The problem:
Omit every picture while repeating the entries exactly.

*** Supplied records Section Begins ***

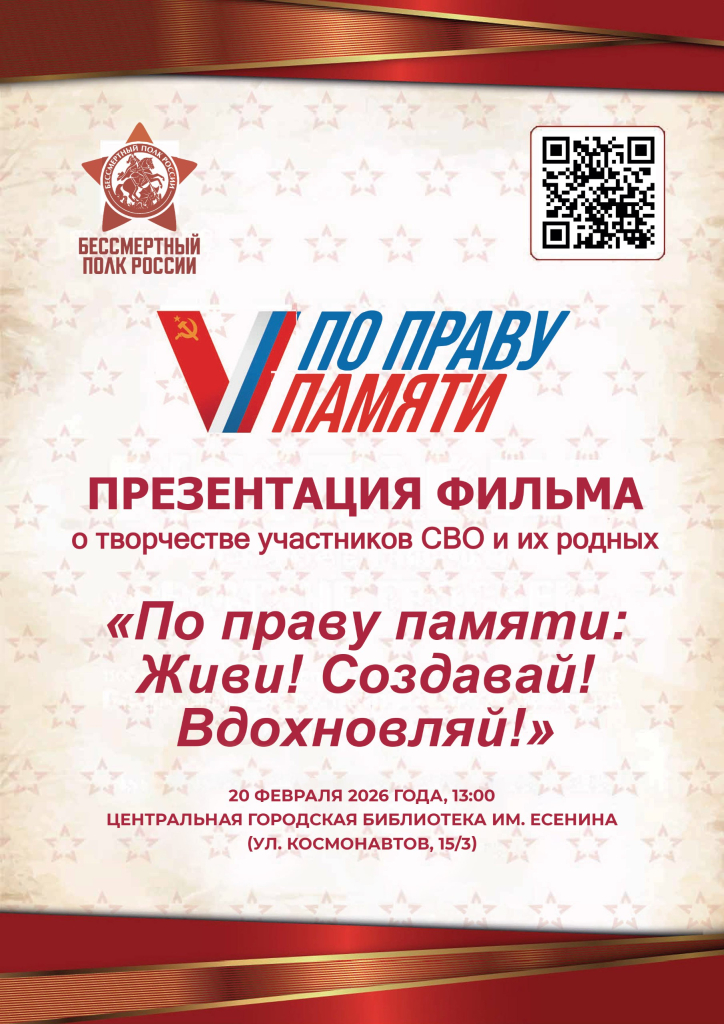 20 февраля в 13:00 в Центральной городской библиотеке им. С. А. Есенина в честь Дня защитника Отечества пройдет Всероссийская акция, организованная общероссийским общественным движением «Бессмертный полк России». В рамках акции состоится показ документального фильма об участниках СВО «По праву памяти: Живи! Создавай! Вдохновляй!». Он был снят об участниках творческого конкурса «По праву памяти» – ветеранах СВО. В 2025 году «Бессмертный полк России» провёл масштабный фестиваль, чтобы объединить творческих людей, которые пишут на тему специальной военной операции.
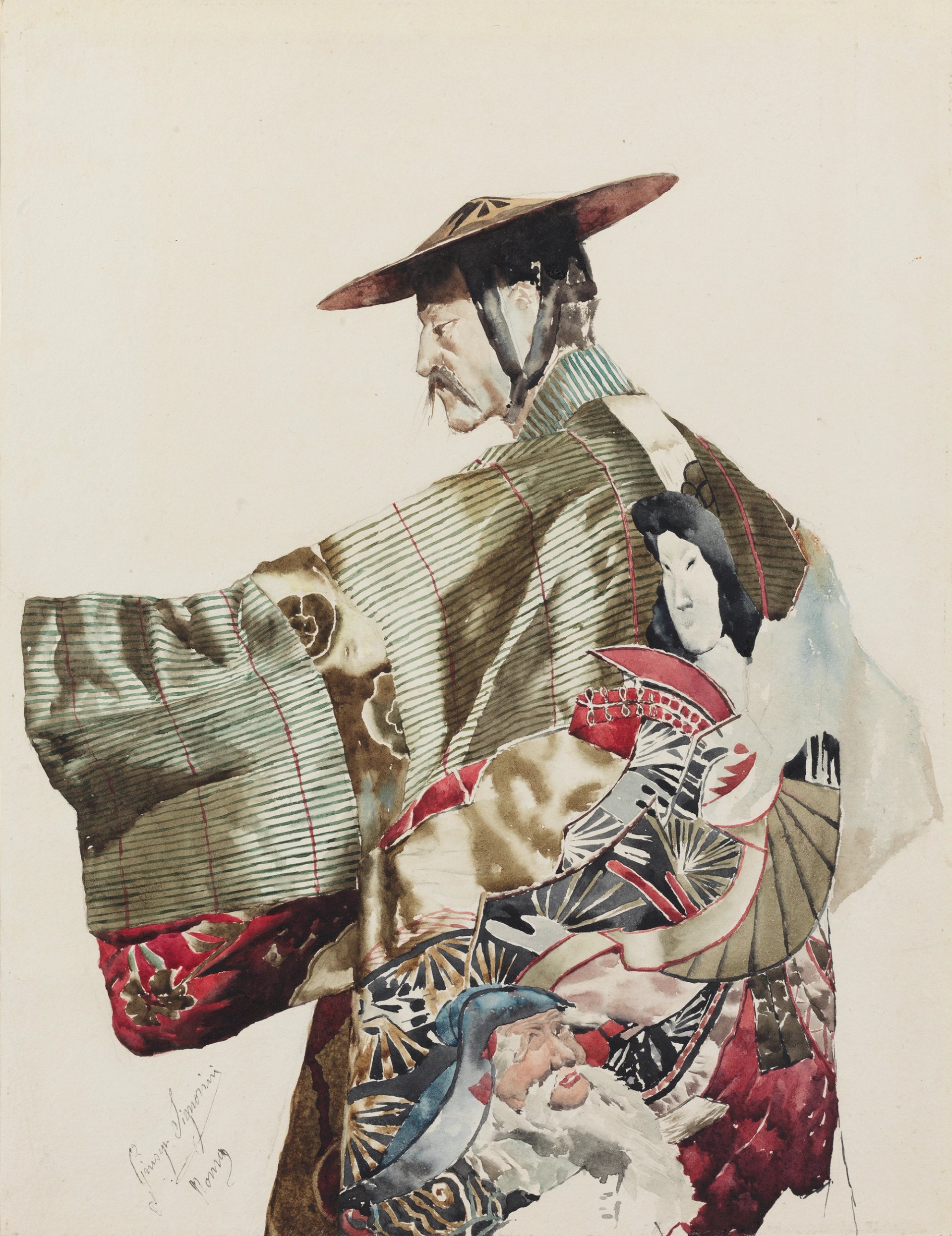 Giuseppe Signorini (1857-1932), Homme en costume japonais, aquarelle sur traces de graphite sur papier. Courtesy W.M Brady & Co
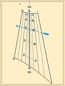 Des formules simples de gnomonique[N 4] permettent d'esquisser le schéma d'une méridienne théorique :
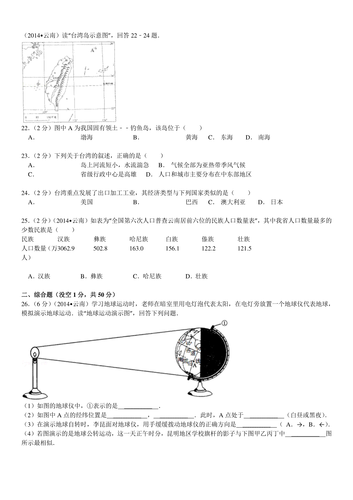 一、2014年云南省中考地理试卷及解析
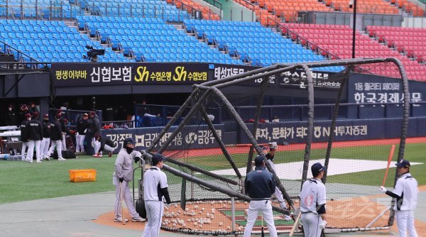 22일 서울 송파구 잠실야구장에서 2020 KBO리그 두산 베어스와 키움 히어로즈의 연습경기에 앞서 훈련을 가졌다. 키움 선수들이 두산의 훈련 종료까지 더그아웃에서 대기하고 있다.
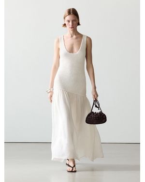 Double-Layer Knit Dress With Long Sleeves - Natural
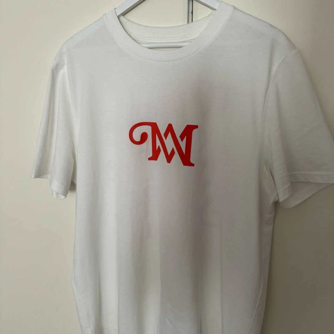 Vit t-shirt med rött M-tryck framtill och stor röd text på ryggen: 'We Are Not The Same Tour Part 2'. Klassisk passform och rund halsringning. Perfekt för dig som gillar statement-plagg och snygga tryck.
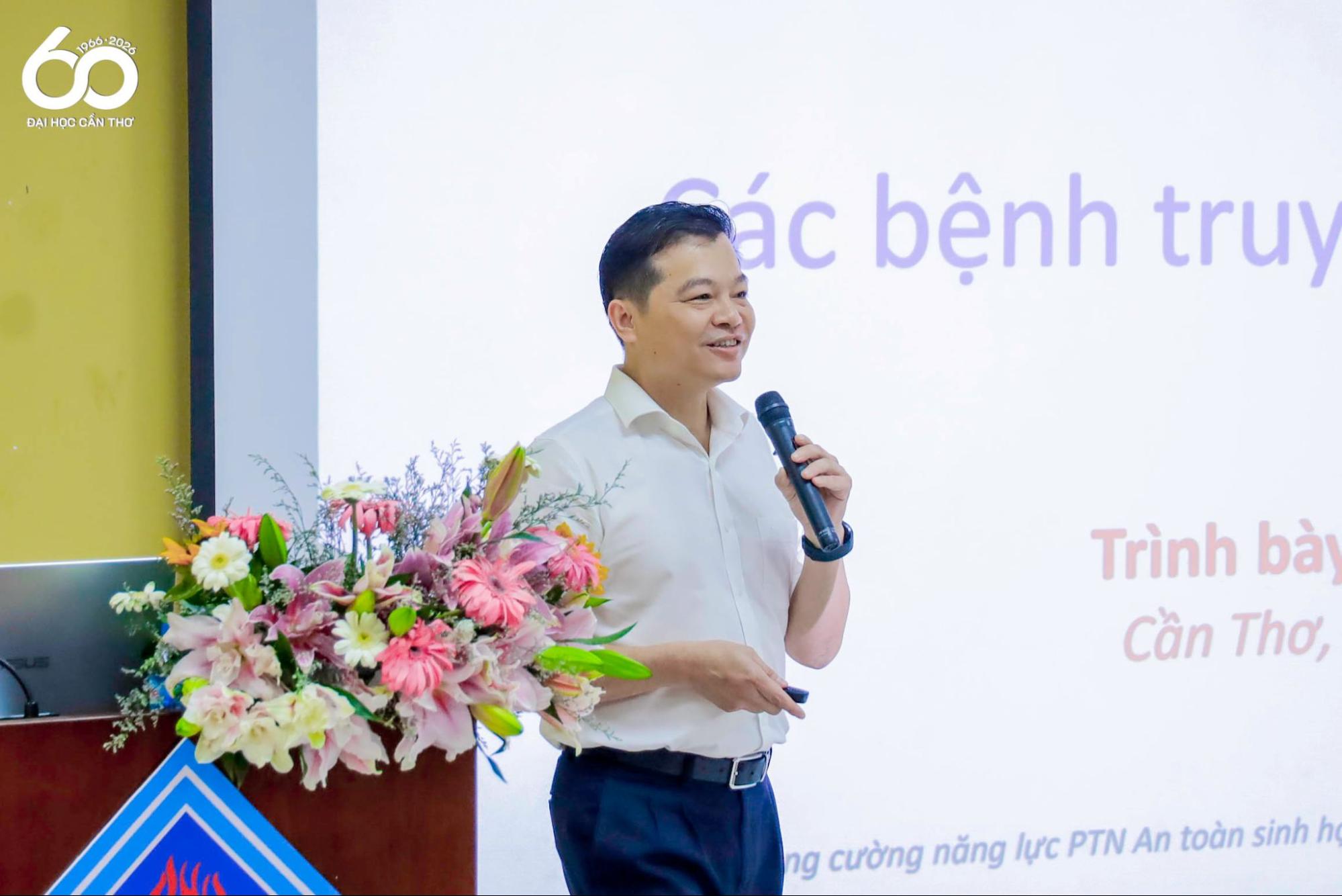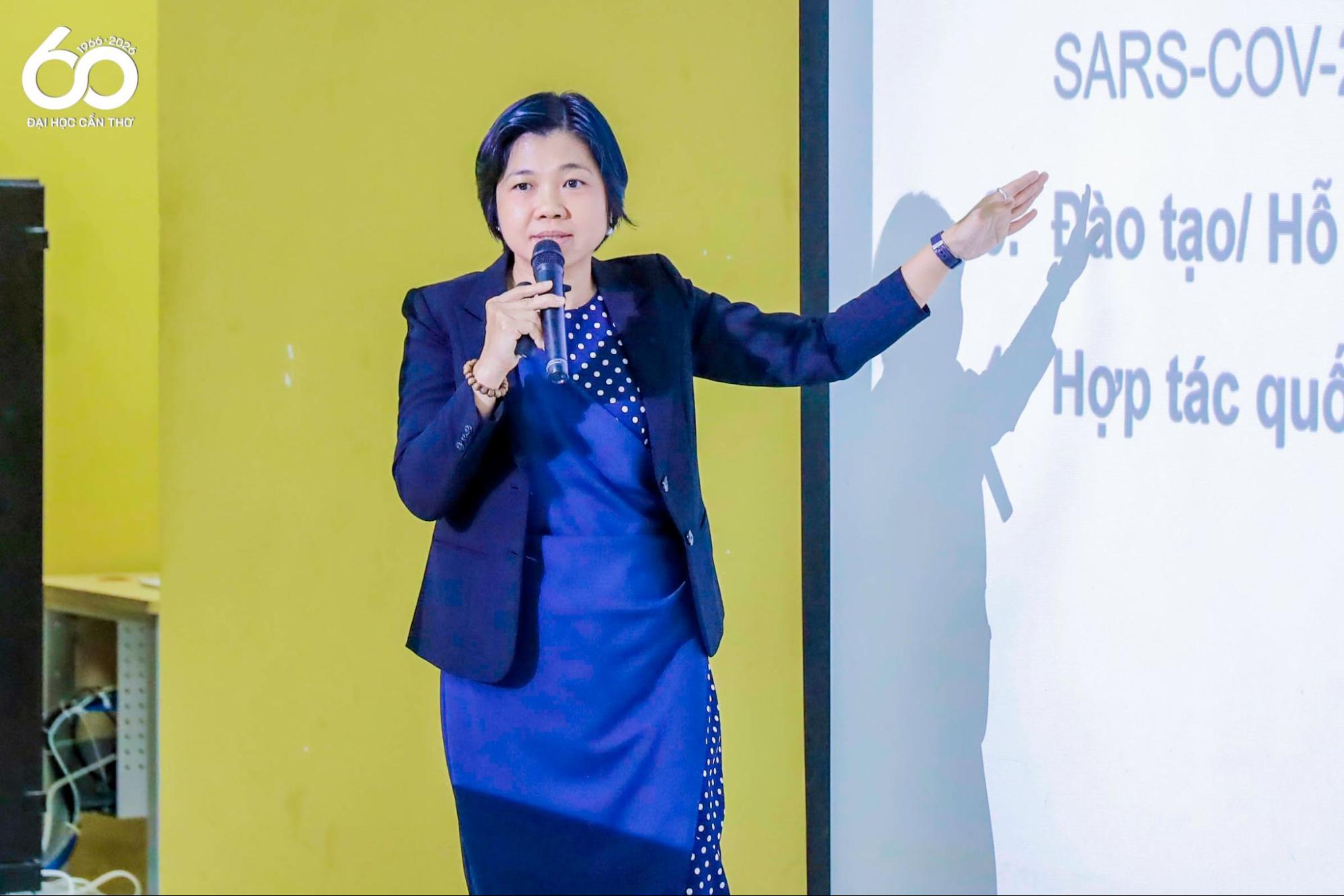 Đại diện Viện Công nghệ Sinh học và Thực phẩm - ĐHCT, PGS.TS. Đỗ Tấn Khang – Trưởng Bộ môn Sinh học Phân tử giới thiệu về Phòng thí nghiệm an toàn sinh học cấp III của ĐHCT, đồng thời chia sẻ định hướng nghiên cứu và các cơ hội hợp tác trong thời gian tới

*** Supplied records Section Ends ***

Answer box:
 20 февраля в 13:00 в Центральной городской библиотеке им. С. А. Есенина в честь Дня защитника Отечества пройдет Всероссийская акция, организованная общероссийским общественным движением «Бессмертный полк России». В рамках акции состоится показ документального фильма об участниках СВО «По праву памяти: Живи! Создавай! Вдохновляй!». Он был снят об участниках творческого конкурса «По праву памяти» – ветеранах СВО. В 2025 году «Бессмертный полк России» провёл масштабный фестиваль, чтобы объединить творческих людей, которые пишут на тему специальной военной операции.
 Giuseppe Signorini (1857-1932), Homme en costume japonais, aquarelle sur traces de graphite sur papier. Courtesy W.M Brady & Co
 Des formules simples de gnomonique[N 4] permettent d'esquisser le schéma d'une méridienne théorique :
 一、2014年云南省中考地理试卷及解析
 22일 서울 송파구 잠실야구장에서 2020 KBO리그 두산 베어스와 키움 히어로즈의 연습경기에 앞서 훈련을 가졌다. 키움 선수들이 두산의 훈련 종료까지 더그아웃에서 대기하고 있다.
 Double-Layer Knit Dress With Long Sleeves - Natural
 Vit t-shirt med rött M-tryck framtill och stor röd text på ryggen: 'We Are Not The Same Tour Part 2'. Klassisk passform och rund halsringning. Perfekt för dig som gillar statement-plagg och snygga tryck.
 Đại diện Viện Công nghệ Sinh học và Thực phẩm - ĐHCT, PGS.TS. Đỗ Tấn Khang – Trưởng Bộ môn Sinh học Phân tử giới thiệu về Phòng thí nghiệm an toàn sinh học cấp III của ĐHCT, đồng thời chia sẻ định hướng nghiên cứu và các cơ hội hợp tác trong thời gian tới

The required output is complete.